Segment Start: Records
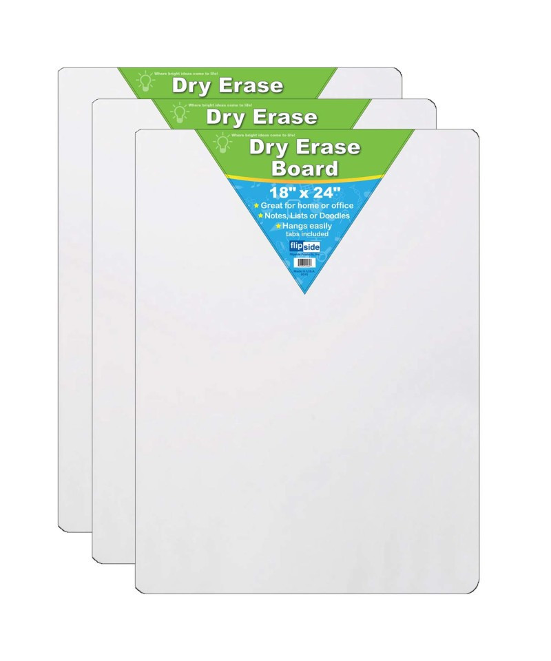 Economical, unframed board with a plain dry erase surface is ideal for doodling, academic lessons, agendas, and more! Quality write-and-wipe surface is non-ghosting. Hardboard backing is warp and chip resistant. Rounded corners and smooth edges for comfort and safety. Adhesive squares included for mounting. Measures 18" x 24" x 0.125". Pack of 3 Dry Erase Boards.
Segment End: Records
Segment Start: Records
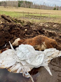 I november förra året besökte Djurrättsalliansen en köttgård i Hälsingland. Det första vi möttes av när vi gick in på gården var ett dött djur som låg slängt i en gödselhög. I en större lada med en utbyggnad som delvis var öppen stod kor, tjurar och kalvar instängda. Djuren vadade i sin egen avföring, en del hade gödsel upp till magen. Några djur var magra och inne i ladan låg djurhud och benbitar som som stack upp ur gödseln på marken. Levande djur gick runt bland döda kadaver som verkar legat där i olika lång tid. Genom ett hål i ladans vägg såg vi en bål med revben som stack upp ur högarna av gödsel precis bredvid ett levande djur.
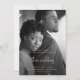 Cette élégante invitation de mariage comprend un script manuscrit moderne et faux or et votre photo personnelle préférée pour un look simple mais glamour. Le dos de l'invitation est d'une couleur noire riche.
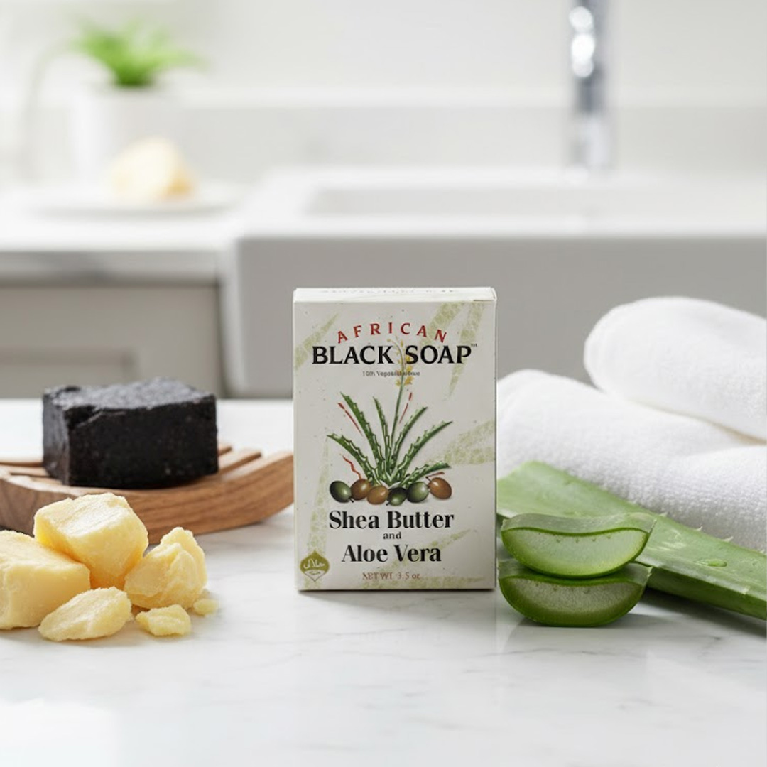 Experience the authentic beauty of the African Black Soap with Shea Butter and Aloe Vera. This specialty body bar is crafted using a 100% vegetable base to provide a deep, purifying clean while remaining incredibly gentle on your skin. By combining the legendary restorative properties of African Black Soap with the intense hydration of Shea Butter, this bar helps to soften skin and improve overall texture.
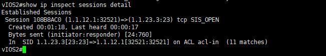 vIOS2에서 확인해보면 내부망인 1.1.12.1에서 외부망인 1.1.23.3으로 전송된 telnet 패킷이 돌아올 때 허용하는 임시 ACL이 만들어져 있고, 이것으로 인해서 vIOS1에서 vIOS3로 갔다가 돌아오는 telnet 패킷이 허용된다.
Segment End: Records
■ Aim of the task
Everything above from the line containing "I november förra" down to the line containing "vIOS2에서 확인해보면 내부망인" is to be duplicated exactly, both lines included, and the pictures are to be omitted.

■ Exercise solution
 I november förra året besökte Djurrättsalliansen en köttgård i Hälsingland. Det första vi möttes av när vi gick in på gården var ett dött djur som låg slängt i en gödselhög. I en större lada med en utbyggnad som delvis var öppen stod kor, tjurar och kalvar instängda. Djuren vadade i sin egen avföring, en del hade gödsel upp till magen. Några djur var magra och inne i ladan låg djurhud och benbitar som som stack upp ur gödseln på marken. Levande djur gick runt bland döda kadaver som verkar legat där i olika lång tid. Genom ett hål i ladans vägg såg vi en bål med revben som stack upp ur högarna av gödsel precis bredvid ett levande djur.
 Cette élégante invitation de mariage comprend un script manuscrit moderne et faux or et votre photo personnelle préférée pour un look simple mais glamour. Le dos de l'invitation est d'une couleur noire riche.
 Experience the authentic beauty of the African Black Soap with Shea Butter and Aloe Vera. This specialty body bar is crafted using a 100% vegetable base to provide a deep, purifying clean while remaining incredibly gentle on your skin. By combining the legendary restorative properties of African Black Soap with the intense hydration of Shea Butter, this bar helps to soften skin and improve overall texture.
 vIOS2에서 확인해보면 내부망인 1.1.12.1에서 외부망인 1.1.23.3으로 전송된 telnet 패킷이 돌아올 때 허용하는 임시 ACL이 만들어져 있고, 이것으로 인해서 vIOS1에서 vIOS3로 갔다가 돌아오는 telnet 패킷이 허용된다.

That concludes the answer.